- Opening Delimiter -
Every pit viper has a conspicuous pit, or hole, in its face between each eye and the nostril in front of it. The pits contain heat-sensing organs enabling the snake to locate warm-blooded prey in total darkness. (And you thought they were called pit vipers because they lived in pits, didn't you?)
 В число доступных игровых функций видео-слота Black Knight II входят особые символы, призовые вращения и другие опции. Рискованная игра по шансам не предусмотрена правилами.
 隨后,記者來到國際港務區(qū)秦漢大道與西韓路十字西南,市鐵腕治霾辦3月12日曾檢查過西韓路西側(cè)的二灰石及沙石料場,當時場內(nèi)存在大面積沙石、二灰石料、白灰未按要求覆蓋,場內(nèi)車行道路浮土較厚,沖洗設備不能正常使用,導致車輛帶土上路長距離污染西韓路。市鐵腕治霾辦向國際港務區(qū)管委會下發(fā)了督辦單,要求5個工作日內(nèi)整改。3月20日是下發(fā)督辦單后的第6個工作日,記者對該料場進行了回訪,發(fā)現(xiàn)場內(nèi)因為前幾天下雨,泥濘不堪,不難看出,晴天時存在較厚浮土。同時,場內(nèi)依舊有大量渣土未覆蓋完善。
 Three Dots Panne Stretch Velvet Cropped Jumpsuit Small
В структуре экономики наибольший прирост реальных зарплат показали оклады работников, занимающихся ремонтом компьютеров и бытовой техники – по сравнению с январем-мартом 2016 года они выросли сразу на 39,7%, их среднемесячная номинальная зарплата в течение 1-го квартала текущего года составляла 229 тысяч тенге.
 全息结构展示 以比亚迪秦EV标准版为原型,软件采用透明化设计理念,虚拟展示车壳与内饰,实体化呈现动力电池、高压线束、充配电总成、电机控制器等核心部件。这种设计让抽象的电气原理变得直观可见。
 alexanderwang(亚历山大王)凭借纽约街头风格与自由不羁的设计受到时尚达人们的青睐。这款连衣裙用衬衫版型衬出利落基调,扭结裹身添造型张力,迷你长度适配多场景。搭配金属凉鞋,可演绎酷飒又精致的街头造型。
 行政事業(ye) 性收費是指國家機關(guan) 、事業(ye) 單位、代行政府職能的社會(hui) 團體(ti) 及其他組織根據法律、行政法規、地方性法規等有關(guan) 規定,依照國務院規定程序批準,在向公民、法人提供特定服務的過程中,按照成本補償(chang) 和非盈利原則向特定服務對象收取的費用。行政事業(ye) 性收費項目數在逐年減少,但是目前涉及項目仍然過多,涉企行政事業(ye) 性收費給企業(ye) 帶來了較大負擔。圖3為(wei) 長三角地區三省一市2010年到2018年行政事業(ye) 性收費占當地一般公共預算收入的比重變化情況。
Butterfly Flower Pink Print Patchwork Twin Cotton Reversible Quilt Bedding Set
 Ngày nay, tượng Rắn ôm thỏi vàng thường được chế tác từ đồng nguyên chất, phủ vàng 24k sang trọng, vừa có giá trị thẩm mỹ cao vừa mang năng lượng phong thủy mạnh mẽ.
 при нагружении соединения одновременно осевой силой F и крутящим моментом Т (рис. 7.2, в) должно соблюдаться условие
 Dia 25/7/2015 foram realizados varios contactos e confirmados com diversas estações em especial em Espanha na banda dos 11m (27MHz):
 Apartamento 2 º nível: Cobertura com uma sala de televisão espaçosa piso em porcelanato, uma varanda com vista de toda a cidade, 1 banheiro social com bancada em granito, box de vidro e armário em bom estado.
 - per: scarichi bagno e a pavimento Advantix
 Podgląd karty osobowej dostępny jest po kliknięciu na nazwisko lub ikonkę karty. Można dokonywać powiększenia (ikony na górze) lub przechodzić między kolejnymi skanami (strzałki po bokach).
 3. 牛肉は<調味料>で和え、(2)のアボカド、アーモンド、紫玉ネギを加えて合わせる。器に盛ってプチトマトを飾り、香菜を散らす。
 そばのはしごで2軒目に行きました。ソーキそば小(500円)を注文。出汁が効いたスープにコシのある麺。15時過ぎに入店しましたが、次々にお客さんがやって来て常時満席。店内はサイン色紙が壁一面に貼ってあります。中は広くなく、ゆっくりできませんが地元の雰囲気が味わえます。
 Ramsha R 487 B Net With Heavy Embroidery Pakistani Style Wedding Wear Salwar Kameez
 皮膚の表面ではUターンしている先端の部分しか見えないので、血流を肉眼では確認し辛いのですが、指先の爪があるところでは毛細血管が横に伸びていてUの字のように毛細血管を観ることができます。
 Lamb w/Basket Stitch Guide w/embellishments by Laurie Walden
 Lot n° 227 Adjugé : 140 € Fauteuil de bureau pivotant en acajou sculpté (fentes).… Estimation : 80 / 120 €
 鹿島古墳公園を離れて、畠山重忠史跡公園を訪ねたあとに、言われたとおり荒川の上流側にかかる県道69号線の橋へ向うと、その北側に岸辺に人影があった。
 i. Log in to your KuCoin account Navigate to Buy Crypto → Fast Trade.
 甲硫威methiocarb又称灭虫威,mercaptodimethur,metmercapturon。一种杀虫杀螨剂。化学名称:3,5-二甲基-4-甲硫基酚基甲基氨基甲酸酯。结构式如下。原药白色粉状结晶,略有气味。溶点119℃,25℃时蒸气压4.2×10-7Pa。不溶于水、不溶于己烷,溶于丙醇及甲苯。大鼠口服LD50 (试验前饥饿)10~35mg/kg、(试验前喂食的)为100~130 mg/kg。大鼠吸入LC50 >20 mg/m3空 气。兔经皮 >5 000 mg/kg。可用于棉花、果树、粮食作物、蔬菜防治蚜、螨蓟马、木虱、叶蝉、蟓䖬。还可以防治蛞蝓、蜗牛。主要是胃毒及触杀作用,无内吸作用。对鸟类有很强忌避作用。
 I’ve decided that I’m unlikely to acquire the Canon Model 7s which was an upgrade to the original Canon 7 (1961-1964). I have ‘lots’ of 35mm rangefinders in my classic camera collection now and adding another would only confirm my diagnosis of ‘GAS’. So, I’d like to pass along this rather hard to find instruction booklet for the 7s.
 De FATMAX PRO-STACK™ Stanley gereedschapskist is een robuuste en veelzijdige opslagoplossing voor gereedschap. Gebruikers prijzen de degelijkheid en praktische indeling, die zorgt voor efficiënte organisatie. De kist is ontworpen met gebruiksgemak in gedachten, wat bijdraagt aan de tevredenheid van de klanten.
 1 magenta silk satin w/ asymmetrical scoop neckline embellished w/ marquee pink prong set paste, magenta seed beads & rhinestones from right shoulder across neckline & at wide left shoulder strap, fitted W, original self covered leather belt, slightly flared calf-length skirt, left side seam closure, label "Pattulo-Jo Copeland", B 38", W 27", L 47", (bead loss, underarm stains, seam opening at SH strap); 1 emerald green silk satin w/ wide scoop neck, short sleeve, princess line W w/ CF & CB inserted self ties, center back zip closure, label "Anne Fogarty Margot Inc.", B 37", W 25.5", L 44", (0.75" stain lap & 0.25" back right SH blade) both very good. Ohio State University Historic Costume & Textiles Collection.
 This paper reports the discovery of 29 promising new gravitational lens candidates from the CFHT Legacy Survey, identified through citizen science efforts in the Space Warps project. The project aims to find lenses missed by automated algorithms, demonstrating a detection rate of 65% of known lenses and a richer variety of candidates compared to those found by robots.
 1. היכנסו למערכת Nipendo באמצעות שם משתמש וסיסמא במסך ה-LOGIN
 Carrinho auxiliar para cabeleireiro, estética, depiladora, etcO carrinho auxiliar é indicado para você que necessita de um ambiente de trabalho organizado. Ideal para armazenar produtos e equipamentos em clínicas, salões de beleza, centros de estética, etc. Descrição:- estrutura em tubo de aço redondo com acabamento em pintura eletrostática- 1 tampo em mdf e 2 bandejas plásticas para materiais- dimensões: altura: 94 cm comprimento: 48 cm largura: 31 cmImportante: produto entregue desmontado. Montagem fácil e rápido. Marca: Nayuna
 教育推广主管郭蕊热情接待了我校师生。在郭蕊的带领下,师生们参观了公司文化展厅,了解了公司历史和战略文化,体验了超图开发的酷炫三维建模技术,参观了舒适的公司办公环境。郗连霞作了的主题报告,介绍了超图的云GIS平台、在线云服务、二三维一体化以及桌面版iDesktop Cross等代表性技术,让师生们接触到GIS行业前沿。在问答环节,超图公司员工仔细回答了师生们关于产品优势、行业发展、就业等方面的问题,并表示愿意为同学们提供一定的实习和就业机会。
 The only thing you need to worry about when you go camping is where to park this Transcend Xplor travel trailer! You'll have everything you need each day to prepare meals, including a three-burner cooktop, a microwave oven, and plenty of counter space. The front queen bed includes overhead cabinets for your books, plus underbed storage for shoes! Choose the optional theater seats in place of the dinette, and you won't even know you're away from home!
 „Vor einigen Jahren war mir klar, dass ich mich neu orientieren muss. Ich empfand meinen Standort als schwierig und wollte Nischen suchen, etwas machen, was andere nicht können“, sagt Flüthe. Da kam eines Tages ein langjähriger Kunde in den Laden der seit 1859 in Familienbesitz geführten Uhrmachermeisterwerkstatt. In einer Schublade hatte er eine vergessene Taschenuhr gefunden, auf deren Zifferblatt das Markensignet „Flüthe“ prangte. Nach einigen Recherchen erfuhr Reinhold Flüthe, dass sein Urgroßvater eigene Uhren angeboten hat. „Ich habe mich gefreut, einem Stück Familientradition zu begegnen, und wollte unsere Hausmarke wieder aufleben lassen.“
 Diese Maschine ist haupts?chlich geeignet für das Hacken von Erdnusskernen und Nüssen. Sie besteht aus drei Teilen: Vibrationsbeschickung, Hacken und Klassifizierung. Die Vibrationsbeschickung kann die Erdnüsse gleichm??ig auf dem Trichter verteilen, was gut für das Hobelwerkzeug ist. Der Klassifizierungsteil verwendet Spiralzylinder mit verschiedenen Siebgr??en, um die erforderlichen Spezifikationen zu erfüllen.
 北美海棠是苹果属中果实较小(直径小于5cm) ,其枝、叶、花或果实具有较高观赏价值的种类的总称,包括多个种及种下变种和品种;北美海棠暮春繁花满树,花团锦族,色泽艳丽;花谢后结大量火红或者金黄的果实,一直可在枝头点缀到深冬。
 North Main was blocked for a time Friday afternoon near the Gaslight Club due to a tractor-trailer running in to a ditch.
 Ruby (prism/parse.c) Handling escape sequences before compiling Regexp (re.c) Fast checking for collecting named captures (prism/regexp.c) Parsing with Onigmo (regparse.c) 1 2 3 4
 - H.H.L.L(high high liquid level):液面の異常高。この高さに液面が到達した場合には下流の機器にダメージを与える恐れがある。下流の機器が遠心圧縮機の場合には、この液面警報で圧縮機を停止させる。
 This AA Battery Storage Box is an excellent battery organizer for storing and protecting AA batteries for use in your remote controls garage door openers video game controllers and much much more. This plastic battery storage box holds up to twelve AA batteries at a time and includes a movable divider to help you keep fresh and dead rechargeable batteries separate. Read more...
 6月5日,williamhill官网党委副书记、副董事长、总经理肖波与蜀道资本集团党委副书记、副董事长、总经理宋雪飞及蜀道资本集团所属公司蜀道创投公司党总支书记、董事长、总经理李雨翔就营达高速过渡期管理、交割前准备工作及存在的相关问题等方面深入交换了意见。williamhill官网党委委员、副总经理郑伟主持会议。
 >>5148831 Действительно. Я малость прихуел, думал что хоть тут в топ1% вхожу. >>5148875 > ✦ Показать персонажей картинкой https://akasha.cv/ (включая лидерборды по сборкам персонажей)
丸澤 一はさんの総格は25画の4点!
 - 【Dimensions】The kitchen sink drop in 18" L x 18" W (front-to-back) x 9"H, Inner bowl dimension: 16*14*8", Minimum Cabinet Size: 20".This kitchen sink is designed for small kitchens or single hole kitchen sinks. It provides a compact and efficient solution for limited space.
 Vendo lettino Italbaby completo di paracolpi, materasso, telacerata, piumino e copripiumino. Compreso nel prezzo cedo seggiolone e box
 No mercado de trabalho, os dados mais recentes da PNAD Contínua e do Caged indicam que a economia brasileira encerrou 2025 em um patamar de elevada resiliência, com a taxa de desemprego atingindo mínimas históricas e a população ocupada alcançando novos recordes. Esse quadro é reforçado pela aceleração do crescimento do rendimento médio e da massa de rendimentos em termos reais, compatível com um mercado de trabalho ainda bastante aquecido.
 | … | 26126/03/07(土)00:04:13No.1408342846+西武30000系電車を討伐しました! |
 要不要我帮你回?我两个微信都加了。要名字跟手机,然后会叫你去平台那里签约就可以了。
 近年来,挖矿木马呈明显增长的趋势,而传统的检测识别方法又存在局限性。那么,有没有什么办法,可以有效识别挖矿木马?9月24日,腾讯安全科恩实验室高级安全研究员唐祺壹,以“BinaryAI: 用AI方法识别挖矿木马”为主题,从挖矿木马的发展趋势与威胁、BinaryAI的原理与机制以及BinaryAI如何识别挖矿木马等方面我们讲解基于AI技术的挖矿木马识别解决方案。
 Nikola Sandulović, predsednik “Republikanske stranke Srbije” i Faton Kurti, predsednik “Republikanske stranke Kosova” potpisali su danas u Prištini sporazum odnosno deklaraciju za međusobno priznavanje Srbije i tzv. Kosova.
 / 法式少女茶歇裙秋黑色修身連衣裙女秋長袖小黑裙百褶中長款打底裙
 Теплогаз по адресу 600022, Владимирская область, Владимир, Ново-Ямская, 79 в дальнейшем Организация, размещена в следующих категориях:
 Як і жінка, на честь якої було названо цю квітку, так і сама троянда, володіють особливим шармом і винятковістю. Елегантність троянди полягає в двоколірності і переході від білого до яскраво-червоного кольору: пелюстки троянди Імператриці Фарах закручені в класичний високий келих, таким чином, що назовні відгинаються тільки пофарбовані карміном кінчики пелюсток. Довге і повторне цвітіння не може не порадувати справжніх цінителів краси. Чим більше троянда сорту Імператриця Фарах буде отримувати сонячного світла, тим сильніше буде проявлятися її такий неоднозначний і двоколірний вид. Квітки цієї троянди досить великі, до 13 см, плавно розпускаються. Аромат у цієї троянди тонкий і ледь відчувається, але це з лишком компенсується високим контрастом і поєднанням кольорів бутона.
- Closing Delimiter -
WHAT TO DO: Every line in the listing above that mentions "hole" should be returned.

THE COMPLETED TASK:
Every pit viper has a conspicuous pit, or hole, in its face between each eye and the nostril in front of it. The pits contain heat-sensing organs enabling the snake to locate warm-blooded prey in total darkness. (And you thought they were called pit vipers because they lived in pits, didn't you?)
 - 【Dimensions】The kitchen sink drop in 18" L x 18" W (front-to-back) x 9"H, Inner bowl dimension: 16*14*8", Minimum Cabinet Size: 20".This kitchen sink is designed for small kitchens or single hole kitchen sinks. It provides a compact and efficient solution for limited space.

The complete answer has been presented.